= ASSIGNMENT =
Every entry is to be returned as it stands, apart from the pictures.

== RECORD SET ==

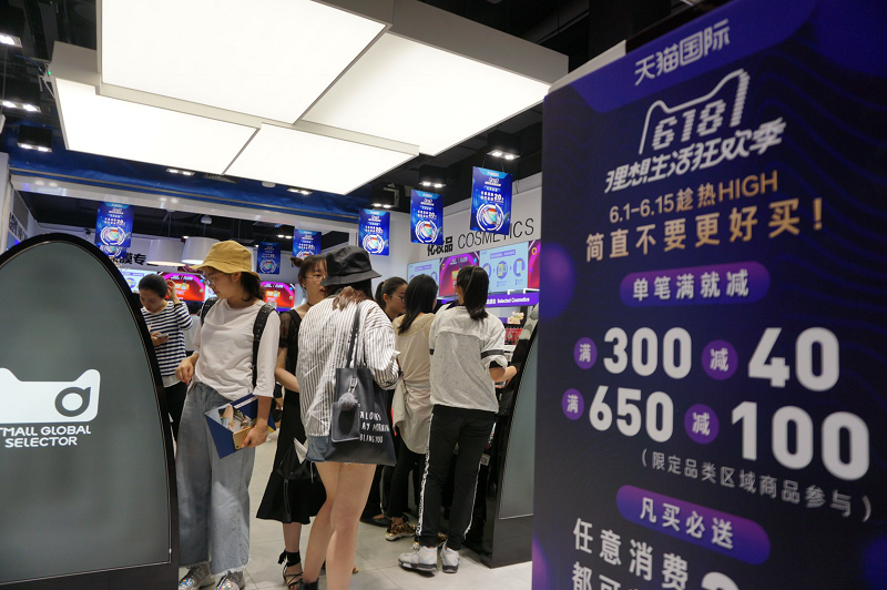 6 月 2 日,杭州西湖银泰的天猫国际线下门店,已经成为杭州人民在家门口就能逛的「免税店」。上周末,该店已经提前进入天猫 618 节奏,店内挤满了前来体验的消费者。
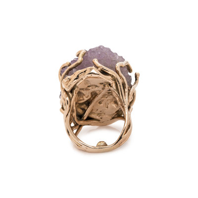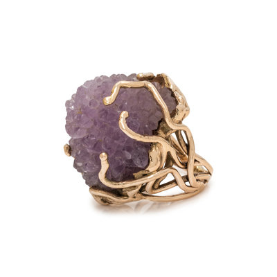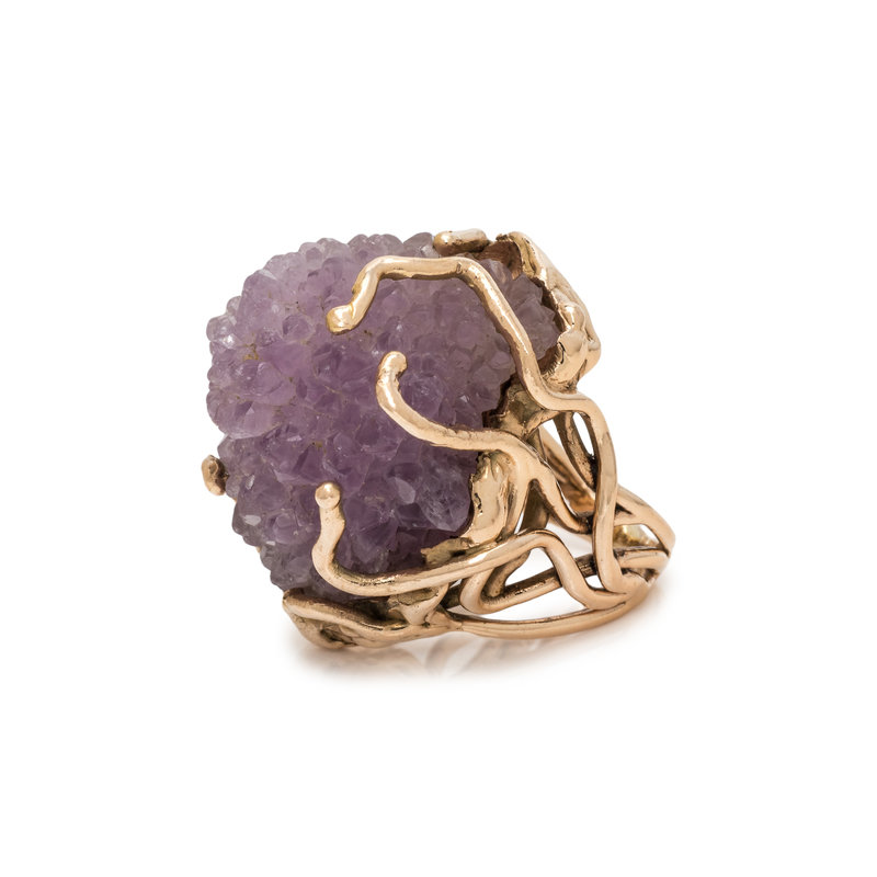In a Brutalist style, containing a rough amethyst crystal formation measuring approximately 25.00 x 20.00 mm. Ring size 6.
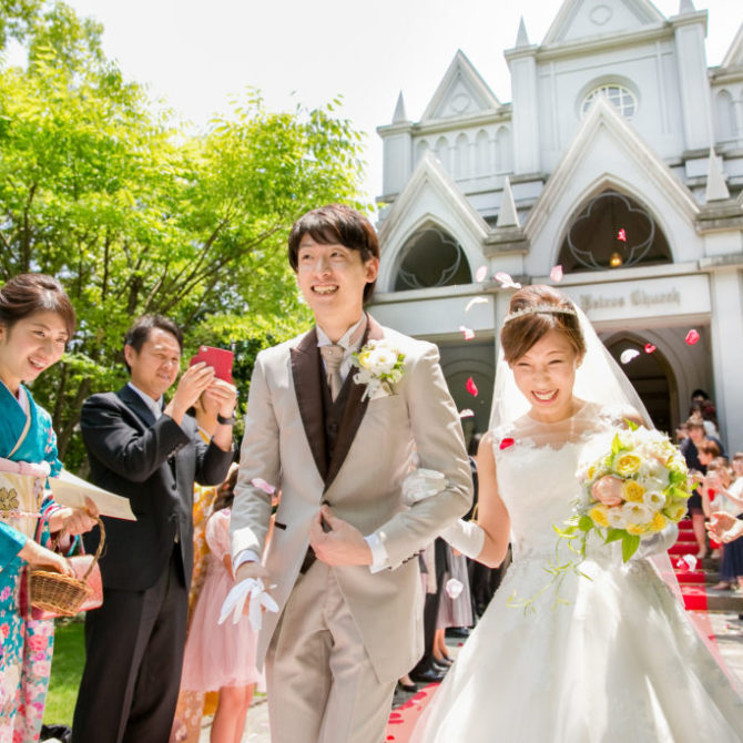 聖堂のステンドグラスがとてもキレイで感動したこと、スタッフさんも皆さん笑顔でとても雰囲気も明るい式場だと感じ、とても緑(自然)が多くて温かみのあるところに惹かれて選びました。またプランナーさんの対応もよく素敵な式場だと思いました。一からのスタートで何も分からない私たちに、一つずつ丁寧に色々教えてくださいました。たくさんの意見をしっかりまとめてくださって、時にはステキな提案がありと、楽しく準備できました。衣裳選びや、お花など一つひとつ専門の方が一緒に考えてくれて、とても楽しかったです。
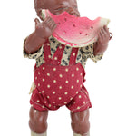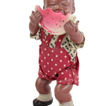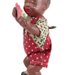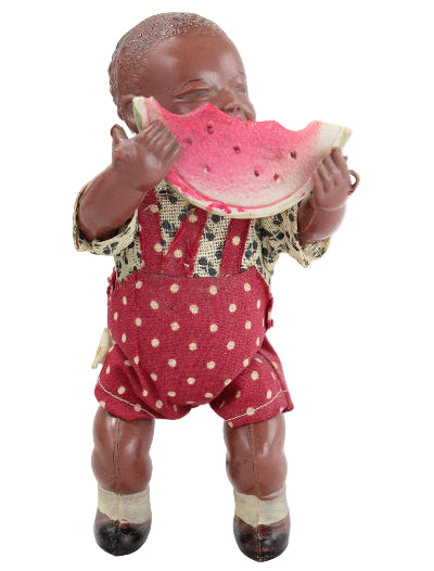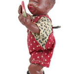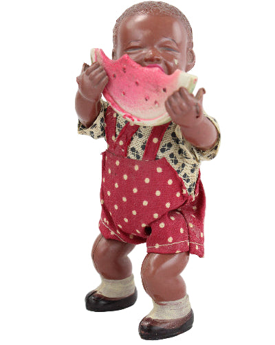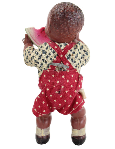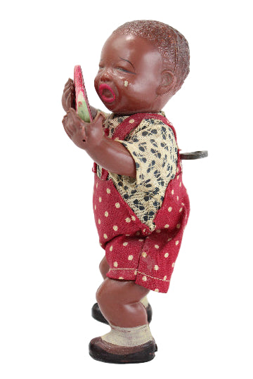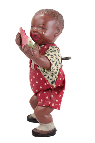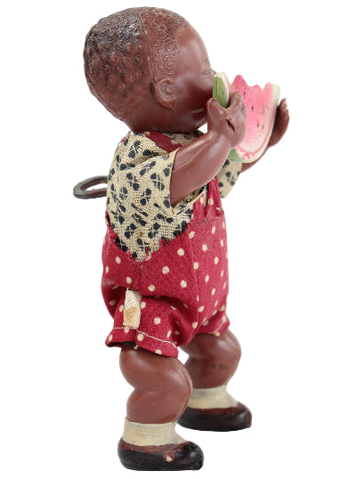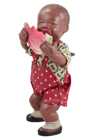 This highly collectible 6" tall wind-up depicts a little Black boy eating a slice of watermelon.
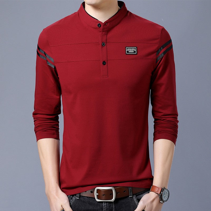 Men's Fashion Summer Long Sleeved POLO T-shirt Casual Cotton Breathable Top Stand Up Neck Long Sleeve Korean Comfortable Shirt
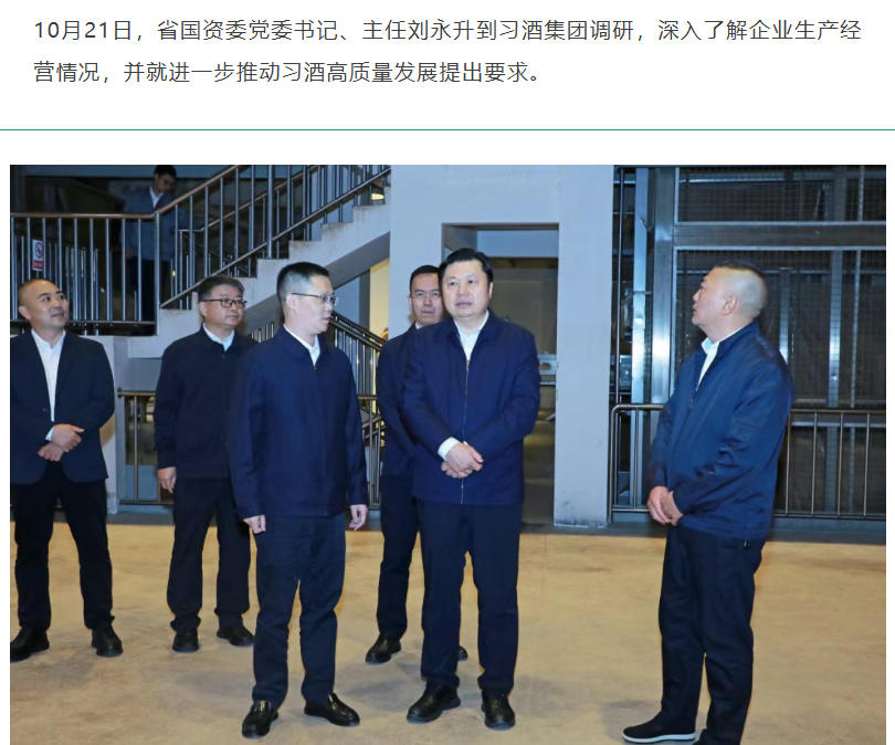 会上,习酒集团D委书记、董事长汪地强汇报了习酒集团近期生产经营情况,他表示,习酒集团将坚定不移贯彻省委、省政府、省国资委战略部署,进一步保持战略定力、坚定发展信心,加强分析研判、强化工作落实,久久为功、奋力拼搏,持续紧盯年度目标任务,科学谋划下一年度工作,为实现“十四五”圆满收官、“十五五”良好开局打牢坚实基础,为推动全省经济社会高质量发展贡献力量.
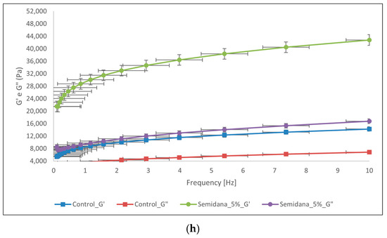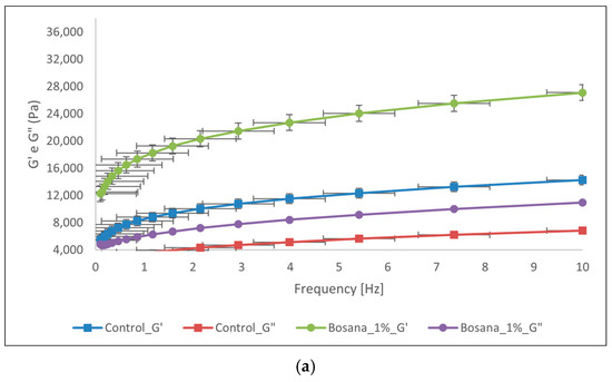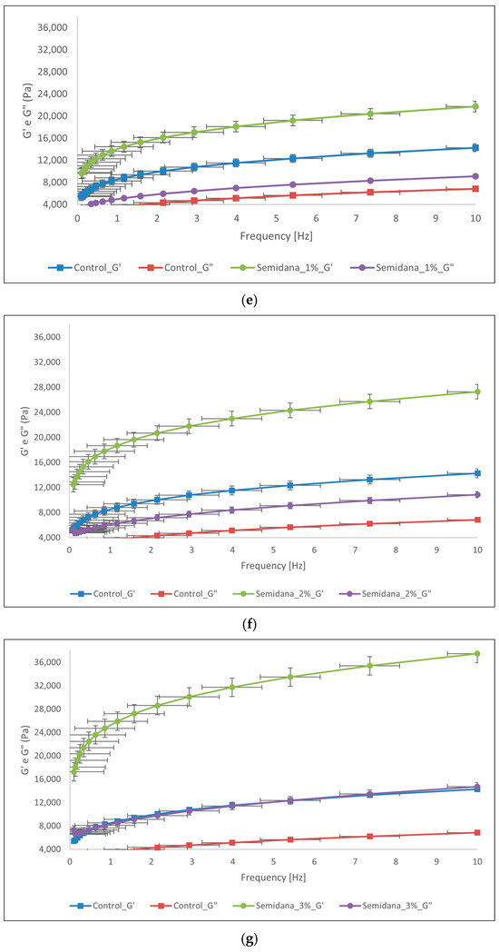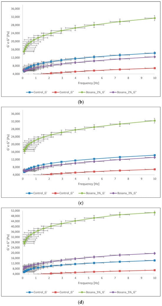 In all samples, G′ was greater than G″, as shown in all parts of Figure 2, and both moduli increased as the frequency increased. Having a G′ that is greater than G″ means that the dough’s consistency is semi-solid and elastic—the necessary consistency for bread dough [2,63,71].
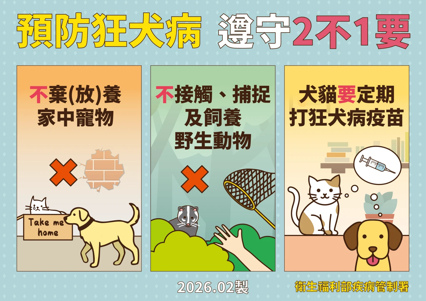 請民眾留意並遵守「二不一要」原則:不棄(放)養家中寵物、不接觸、捕捉及飼養野生動物、要定期攜帶犬貓及人工飼養之食肉目動物施打狂犬病疫苗,即可遠離狂犬病的威脅,但若寵物不幸感染狂犬病只能安樂死。
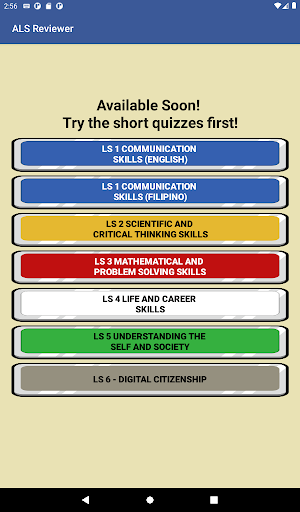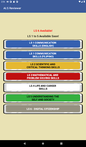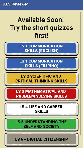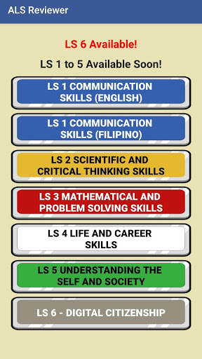 This app will help the students of ALS in reviewing different learning strands to prepare them for the A&E Test.
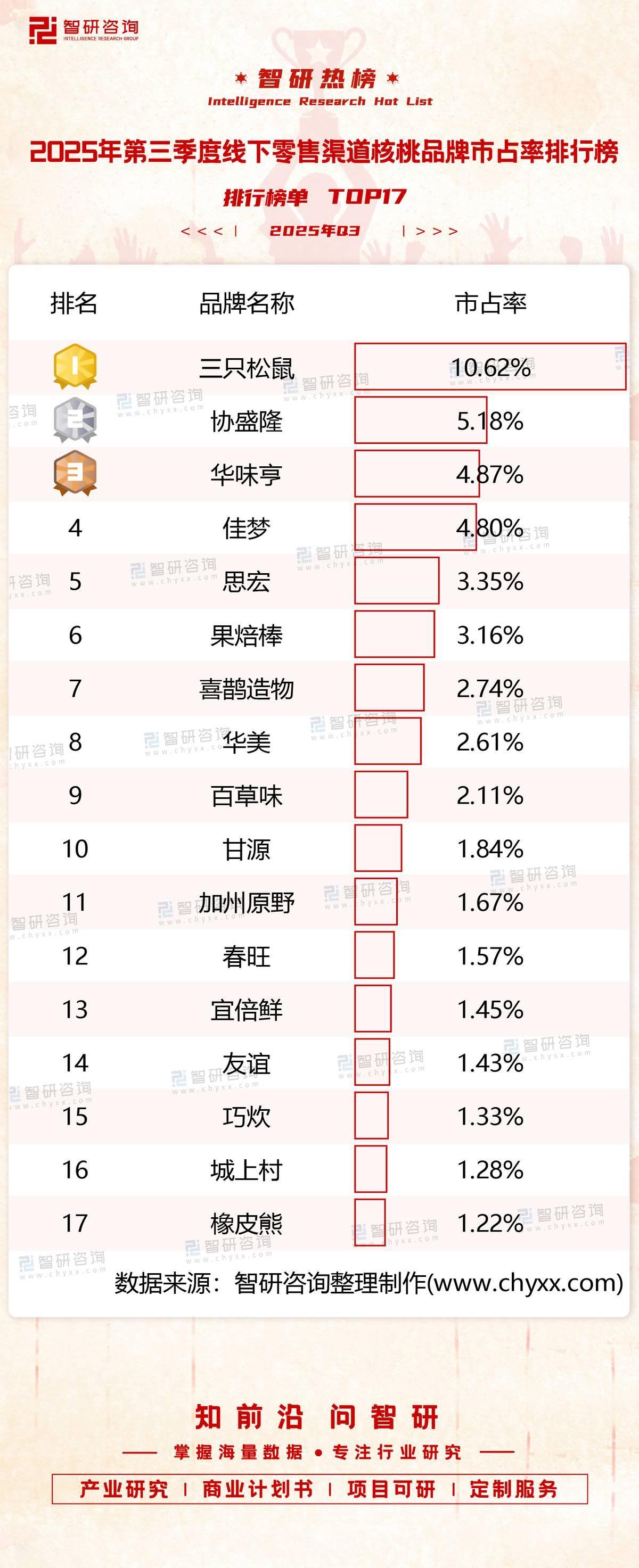 导语:近日,2025年第三季度线下零售渠道核桃品牌市占率分析简报正式发布。数据显示,三只松鼠凭借其全渠道布局与品牌年轻化战略,在核桃品类中以显著优势保持领先地位。本次品牌市占率榜单是智研咨询基于全国线下零售渠道真实销售数据,测算得出的,覆盖主流核桃品牌,为行业提供了权威的市场参考。
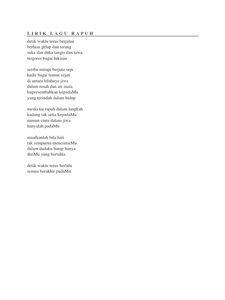 Berikut ini merupakan chord gitar dan lirik lagu rapuh yang dinyanyikan oleh opick.

===

= ANSWER SPACE =
 6 月 2 日,杭州西湖银泰的天猫国际线下门店,已经成为杭州人民在家门口就能逛的「免税店」。上周末,该店已经提前进入天猫 618 节奏,店内挤满了前来体验的消费者。
In a Brutalist style, containing a rough amethyst crystal formation measuring approximately 25.00 x 20.00 mm. Ring size 6.
 聖堂のステンドグラスがとてもキレイで感動したこと、スタッフさんも皆さん笑顔でとても雰囲気も明るい式場だと感じ、とても緑(自然)が多くて温かみのあるところに惹かれて選びました。またプランナーさんの対応もよく素敵な式場だと思いました。一からのスタートで何も分からない私たちに、一つずつ丁寧に色々教えてくださいました。たくさんの意見をしっかりまとめてくださって、時にはステキな提案がありと、楽しく準備できました。衣裳選びや、お花など一つひとつ専門の方が一緒に考えてくれて、とても楽しかったです。
 This highly collectible 6" tall wind-up depicts a little Black boy eating a slice of watermelon.
 Men's Fashion Summer Long Sleeved POLO T-shirt Casual Cotton Breathable Top Stand Up Neck Long Sleeve Korean Comfortable Shirt
 会上,习酒集团D委书记、董事长汪地强汇报了习酒集团近期生产经营情况,他表示,习酒集团将坚定不移贯彻省委、省政府、省国资委战略部署,进一步保持战略定力、坚定发展信心,加强分析研判、强化工作落实,久久为功、奋力拼搏,持续紧盯年度目标任务,科学谋划下一年度工作,为实现“十四五”圆满收官、“十五五”良好开局打牢坚实基础,为推动全省经济社会高质量发展贡献力量.
 In all samples, G′ was greater than G″, as shown in all parts of Figure 2, and both moduli increased as the frequency increased. Having a G′ that is greater than G″ means that the dough’s consistency is semi-solid and elastic—the necessary consistency for bread dough [2,63,71].
 請民眾留意並遵守「二不一要」原則:不棄(放)養家中寵物、不接觸、捕捉及飼養野生動物、要定期攜帶犬貓及人工飼養之食肉目動物施打狂犬病疫苗,即可遠離狂犬病的威脅,但若寵物不幸感染狂犬病只能安樂死。
 This app will help the students of ALS in reviewing different learning strands to prepare them for the A&E Test.
 导语:近日,2025年第三季度线下零售渠道核桃品牌市占率分析简报正式发布。数据显示,三只松鼠凭借其全渠道布局与品牌年轻化战略,在核桃品类中以显著优势保持领先地位。本次品牌市占率榜单是智研咨询基于全国线下零售渠道真实销售数据,测算得出的,覆盖主流核桃品牌,为行业提供了权威的市场参考。
 Berikut ini merupakan chord gitar dan lirik lagu rapuh yang dinyanyikan oleh opick.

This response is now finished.